Leah Wortham – Professor of Law, The Catholic University of America, Columbus School of Law, Washington DC

Prof. Wortham has been on the faculty of the Columbus School of Law of the Catholic University of America (CUA) since 1981. She served as clinical coordinator from 1981-1990 and associate dean from 1990-95. She teaches Professional Responsibility, Criminal Law, and in the externship clinical program. She is an editor and co-author of “Learning From Practice” published by Thompson Publishing, the first textbook for general externship clinical programs.

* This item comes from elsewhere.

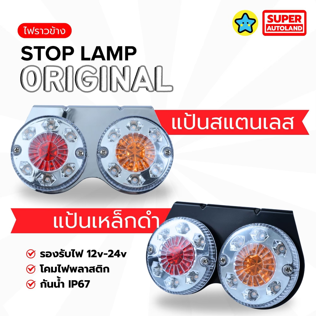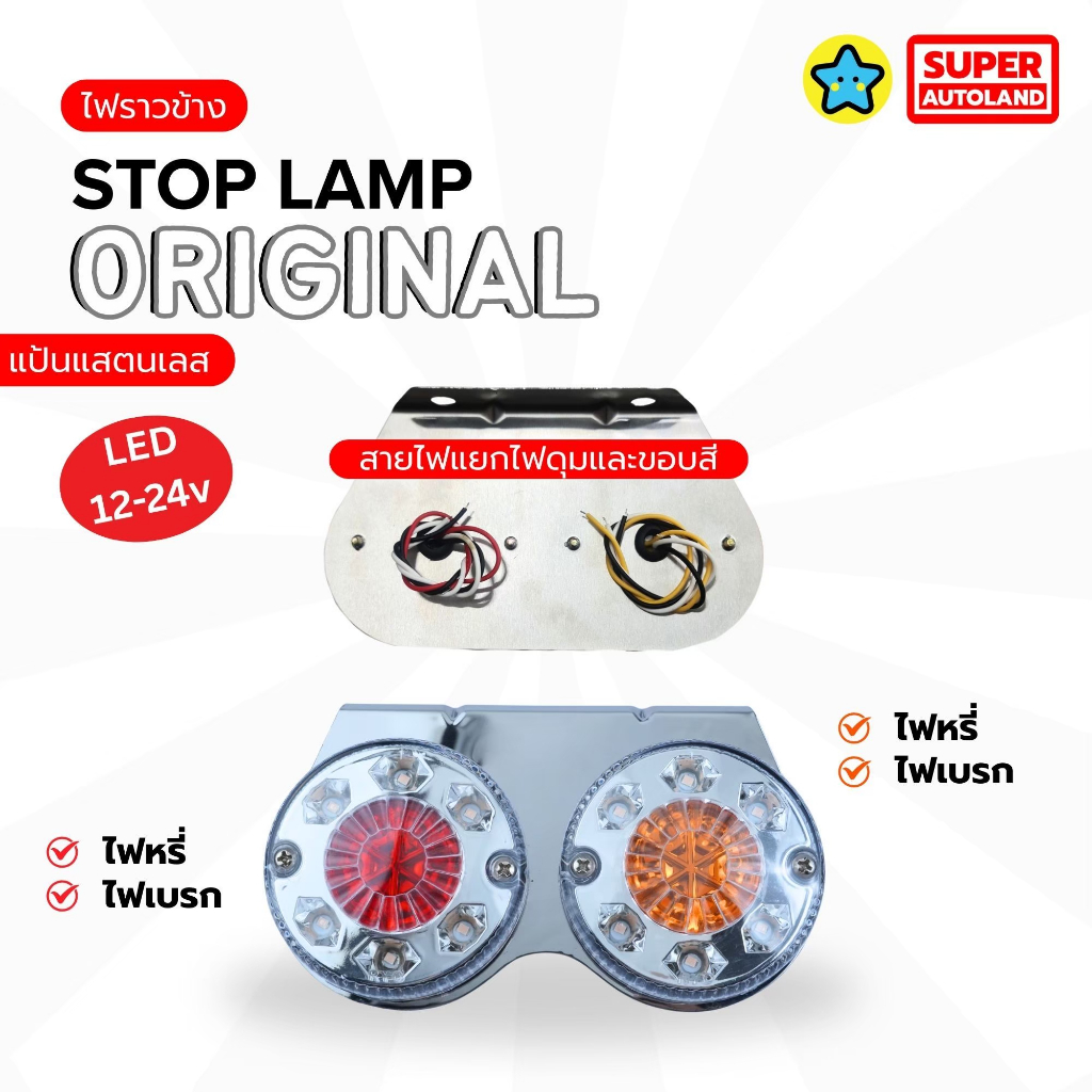 ไฟราวข้างรุ่นคลาสสิค Stop Lamp Original รองรับไฟ 12-24v แป้นสแตนเลส / แป้นเหล็กดำ เบรคหรี่เลี้ยว

Working with entities including the Global Alliance for Justice Education (GAJE), the Ford Foundation, the Soros organizations, the American Bar Association Central European and Eurasia Law Initiative (ABA CEELI), the Public Interest Law Institute (PILI), the European Law Students Association (ELSA), and the UN Commission for Refugees, she has done considerable training of law teachers and law students outside the United States regarding legal ethics, clinical education, and legal education reform. With support from the Ford Foundation, Prof. Wortham along with CUA Prof. Klein assisted the faculty at Jagellonian to establish the first legal clinic in Poland in 1996 and continue to serve as advisors to both faculty and students at the Jagellonian University.

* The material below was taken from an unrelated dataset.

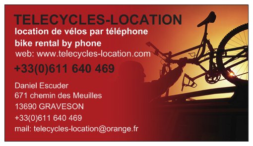 Un simple coup de fil et nous vous livrons sans supplément à l'endroit que vous désirez dans un rayon de 20 km autour de Saint Remy de Provence et pour une balade sans souci dans les Alpilles et dans la montagnette.

Catherine Klein – Professor of Law, Director of Columbus Community Legal Services, The Catholic University of America, Columbus School of Law, Washington DC

Prof. Klein is Director of Columbus Community Legal Services, the umbrella organization for the law school’s live-client clinical program. She is also Co-Director of the Families and the Law, one of the first law school clinical programs in the United States designed to address the issue of domestic violence through individual representation, community outreach and education and the legislative advocacy. In clinic, Prof. Klein supervises law students in the representation of clients in a variety of family law cases including emergency domestic violence remedies and traditional domestic relations law. She teaches classes on substantive, procedural and ethical topics related to clinic’s practice.  With support from the Ford Foundation, Prof. Klein and Prof. Wortham have assisted the faculty at Jagellonian to establish the first legal clinic in Poland in 1996 and continue to serve as advisors to both faculty and students at the Jagellonian University.